Dataset items:

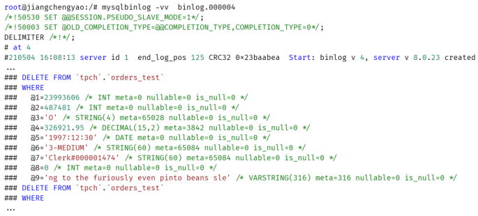 通过 MySQL 数据库自带的命令 mysqlbinlog,可以解析二进制日志,观察到更为详细的每条记录的信息,比如:
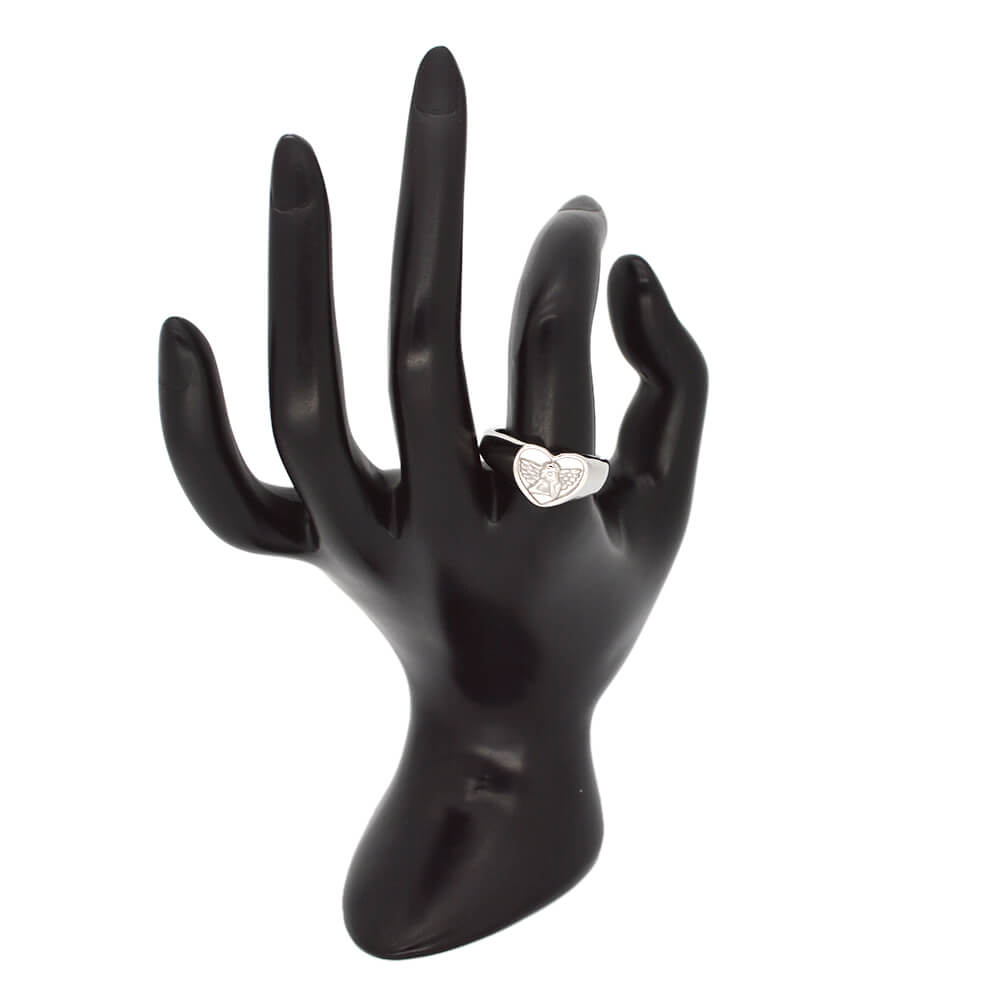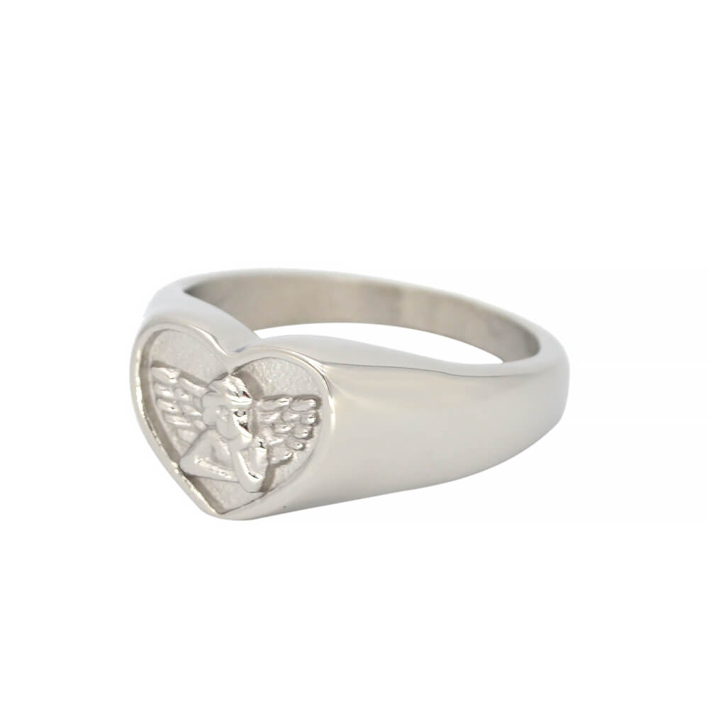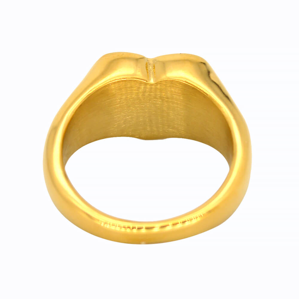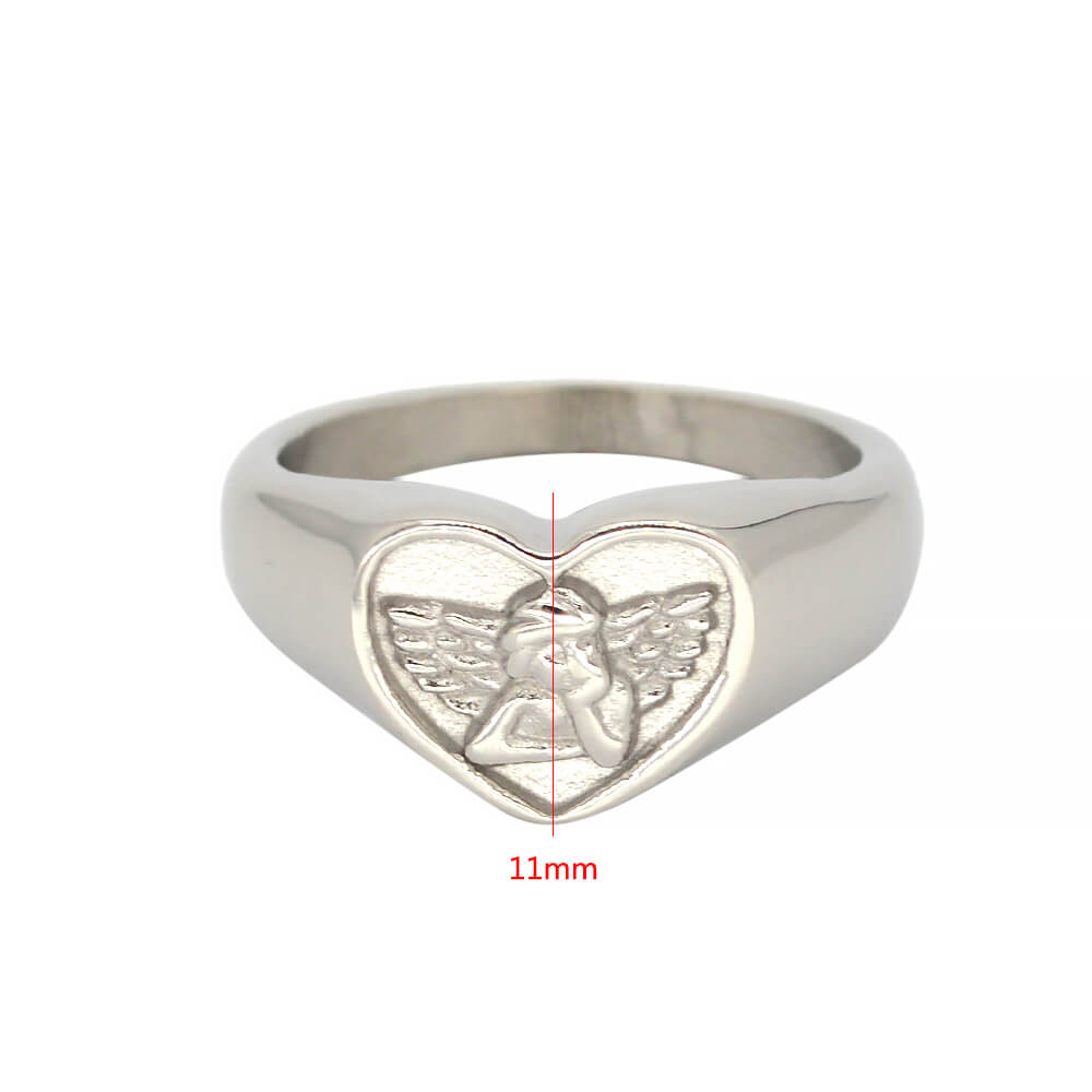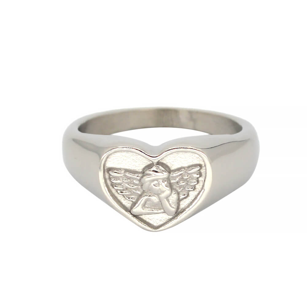 Custom Stainless Steel Women Angel Signet Ring, made in 316 stainless steel with 24 K gold plating; it has US size from 8 to 13.
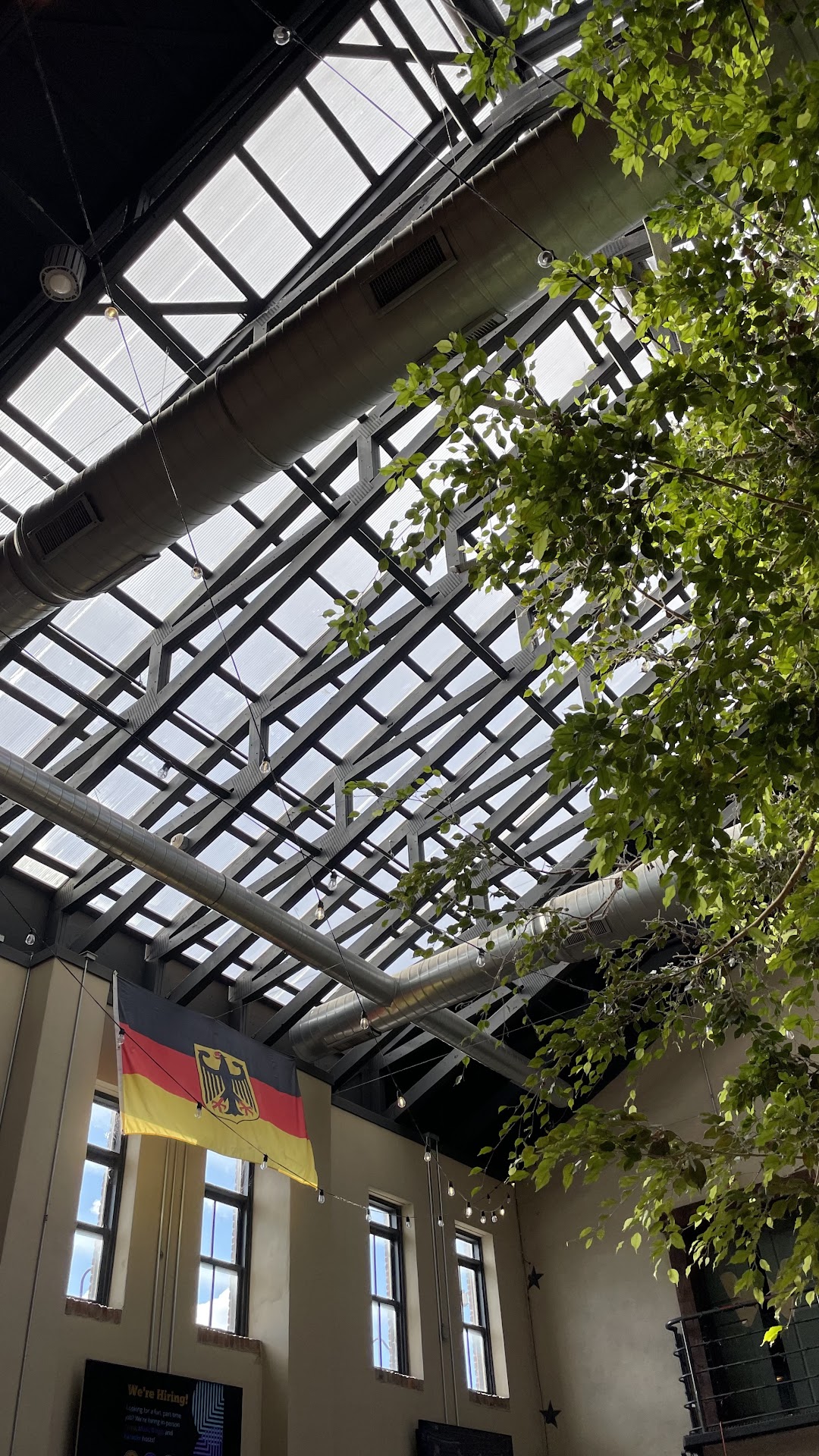 The interior had more of a fest tent feeling than a Gasthaus. There’s a ping pong table that gets played on and a bunch of TVs showing the game.
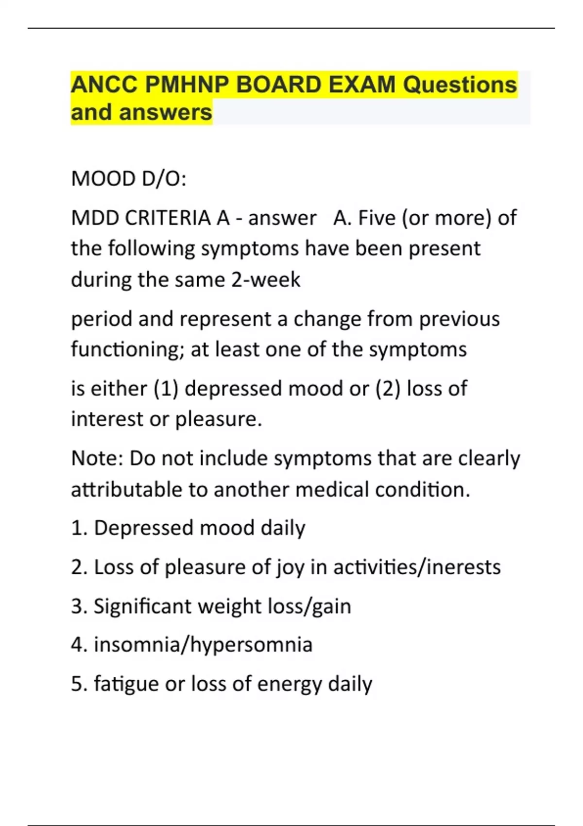 MOOD D/O: MDD CRITERIA A A. Five (or more) of the following symptoms have been present during the same 2-week period and represent a change from previous functioning; at least one of the symptoms is either (1) depressed mood or (2) loss of interest or pleasure. Note: Do not include symptoms that are clearly attributable to another medical condition. 1. Depressed mood daily 2. Loss of pleasure of joy in activities/inerests 3. Significant weight loss/gain 4. insomnia/hypersomnia 5. fatigue or loss of energy daily 6. psychomotor retardationagitation 7. feelings of worthlessness or guilt 8. diminished ability to think/concentrate, indecisiveness 9. recurrent thoughts of death, SI, or SI attempt MOOD D/O: MDD CRITERIA B-E B. The symptoms cause clinically significant distress or impairment in social, occupational, or other important areas of functioning. C. The episode is not attributable to the physiological effects of a substance or to another medical condition. D. The occurrence of the major depressive episode is not better explained by schizoaffective disorder, schizophrenia, schizophreniform disorder, delusional disorder, or other specified and unspecified schizophrenia spectrum and other psychotic disorders. E. There has never been a manic episode or a hypomanic episode. Note: This exclusion does not apply if all of the manic-like or hypomanic-like episodes are substance-induced or are attributable to the physiological effects of another medical condition. MOOD D/O: MDD PREVALENCE Twelve-month prevalence of major depressive disorder in the United States is approximately 7%, with marked differences by age group such that the prevalence in 18- to 29-year-old individuals is threefold higher than the prevalence in individuals age 60 years or older. Females experience 1.5- to 3-fold higher rates than males beginning in early adolescence. MOOD D/O: MDD DEVELOPMENT AND COURSE -Recovery typically begins within 3 months of onset for two in five individuals with major depression and within 1 year for four in five individuals. -The risk is higher in individuals whose preceding episode was severe, in younger individuals, and in individuals who have already experienced multiple episodes. -The persistence of even mild depressive symptoms during remission is a powerful predictor of recurrence. MOOD D/O: MDD RISK FACTORS -Neuroticism (negative affectivity) is a well-established risk factor for the onset of major depressive disorder -Adverse childhood experiences, particularly when there are multiple experiences of diverse types, constitute a set of potent risk factors for major depressive disorder. -Stressful life events are well recognized as precipitants of major depressive episodes,but the presence or absence of adverse life events near the onset of episodes does not appear to provide a useful guide to prognosis or treatment selection. -First-degree family members of individuals with major depressive disorder have a risk for major depressive disorder two- to fourfold higher than that of the general population. -Relative risks appear to be higher for early-onset and recurrent forms. Heritability is approximately 40%, and the personality trait neuroticism accounts for a substantial portion of this genetic liability. MOOD D/O: PDD (DYSTHYMIA) DSM5 CRITERIA Depressed mood for most of the day, for more days than not, as indicated by either subjective account or observation by others, for at least 2 years. Note: In children and adolescents, mood can be irritable and duration must be at least 1 year. B. Presence, while depressed, of two (or more) of the following: 1. Poor appetite or overeating. 2. Insomnia or hypersomnia. 3. Low energy or fatigue. 4. Low self-esteem. 5. Poor concentration or difficulty making decisions. 6. Feelings of hopelessness. C. During the 2-year period (1 year for children or adolescents) of the disturbance, the individual has never been without the symptoms in Criteria A and B for more than 2 months at a time. D. Criteria for a major depressive disorder may be continuously present for 2 years. E. There has never been a manic episode or a hypomanic episode, and criteria have never been met for cyclothymic disorder. F. The disturbance is not better explained by a persistent schizoaffective disorder, schizophrenia, delusional disorder, or other specified or unspecified schizophrenia spectrum and other psychotic disorder. G. The symptoms are not attributable to the physiological effects of a substance (e.g., a drug of abuse, a medication) or another medical condition (e.g. hypothyroidism). H. The symptoms cause clinically significant distress or impairment in social, occupational, or other important areas of functioning. Note: Because the criteria for a major depressive episode include four symptoms that are absent from the symptom list for persistent depressive disorder (dysthymia), a very limited number of individuals will have depressive symptoms that have persisted longer than 2 years but will not meet criteria for persistent depressive disorder. If full criteria for a major depressive episode have been met at some point during the current episode o MOOD D/O: DYSTHYMIA PREVALENCE The 12-month prevalence in the United States is approximately 0.5% for persistent depressive disorder and 1.5% for chronic major depressive disorder. MOOD D/O: DYSTHYMIA DEVELOPMENT COURSE Persistent depressive disorder often has an early and insidious onset (i.e., in childhood, adolescence, or early adult life) and, by definition, a chronic course. Among individuals with both persistent depressive disorder and borderline personality disorder, the covariance of the corresponding features over time suggests the operation of a common mechanism. Early onset (i.e., before age 21 years) is associated with a higher likelihood of comorbid personality disorders and substance use disorders. MOOD D/O: DYSTHYMIA RISK FACTORS -Factors predictive of poorer long-term outcome include higher levels of neuroticism (negativ
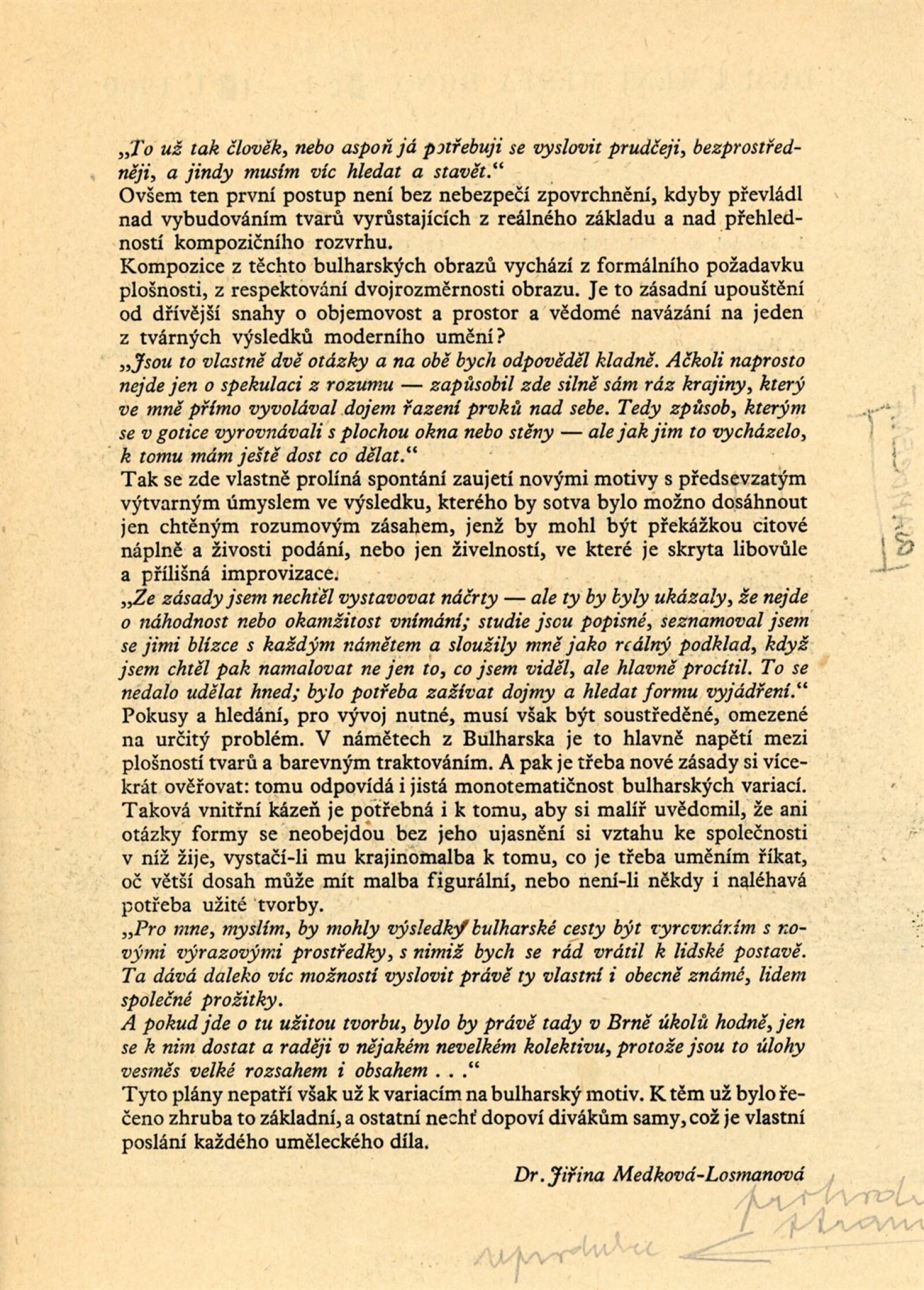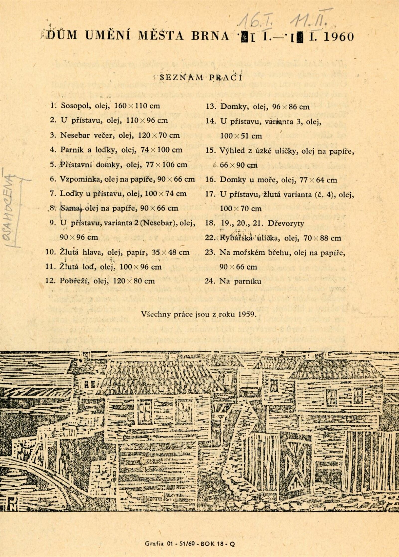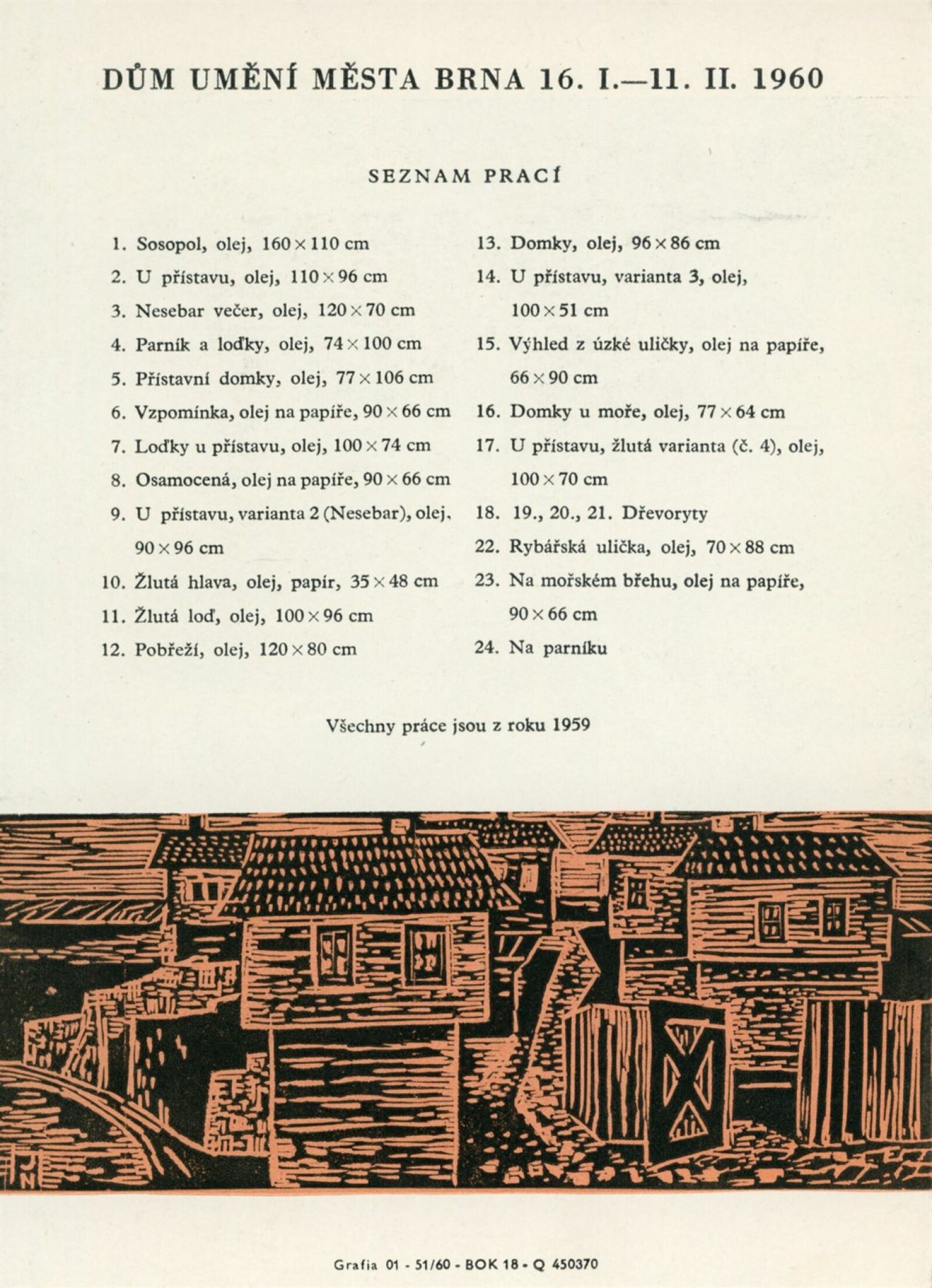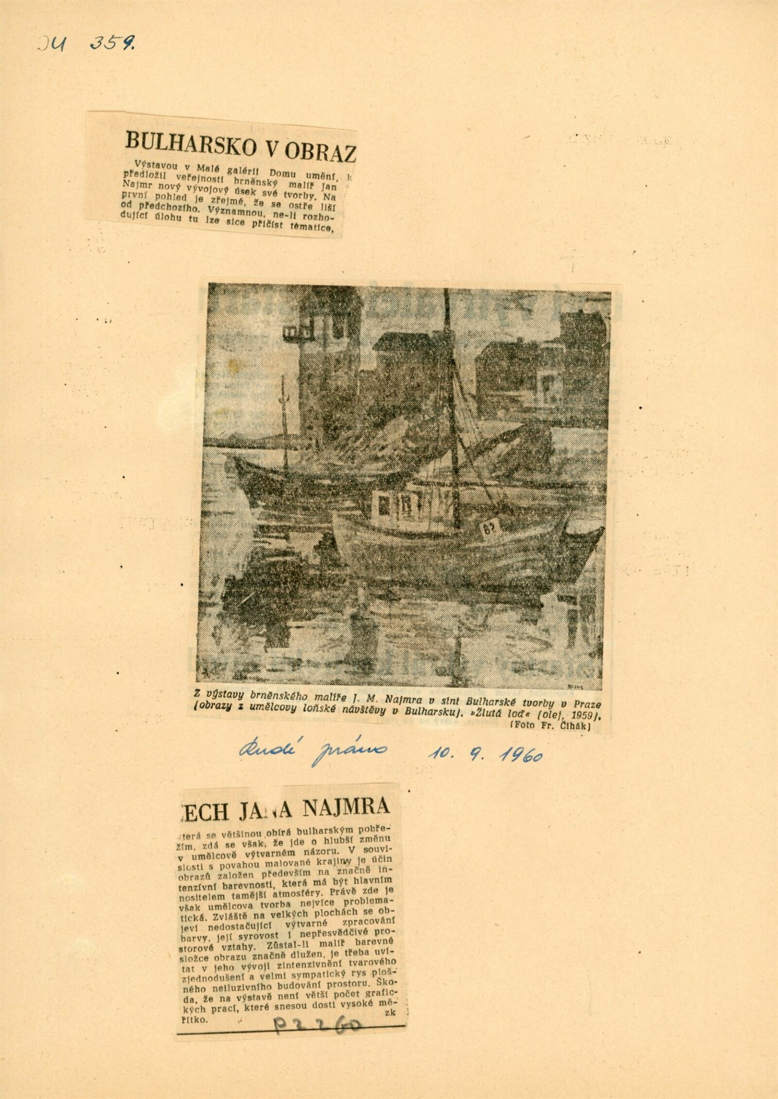 Jan M. Najmr. Variace na bulharské motivy: Dům umění města Brna, Malá galerie, 16. 1. – 11. 2. 1960 / Text: Jiřina Medková-Losmanová. – Brno: DUmB, 1960. – skládačka, 6 s., obr., DU 359. – MG; MMB

What is expected: Return the opening line of the data above and every line after it up to and including the line that holds "The interior had"; pictures stay out.

Answer to this exercise:
 通过 MySQL 数据库自带的命令 mysqlbinlog,可以解析二进制日志,观察到更为详细的每条记录的信息,比如:
 Custom Stainless Steel Women Angel Signet Ring, made in 316 stainless steel with 24 K gold plating; it has US size from 8 to 13.
 The interior had more of a fest tent feeling than a Gasthaus. There’s a ping pong table that gets played on and a bunch of TVs showing the game.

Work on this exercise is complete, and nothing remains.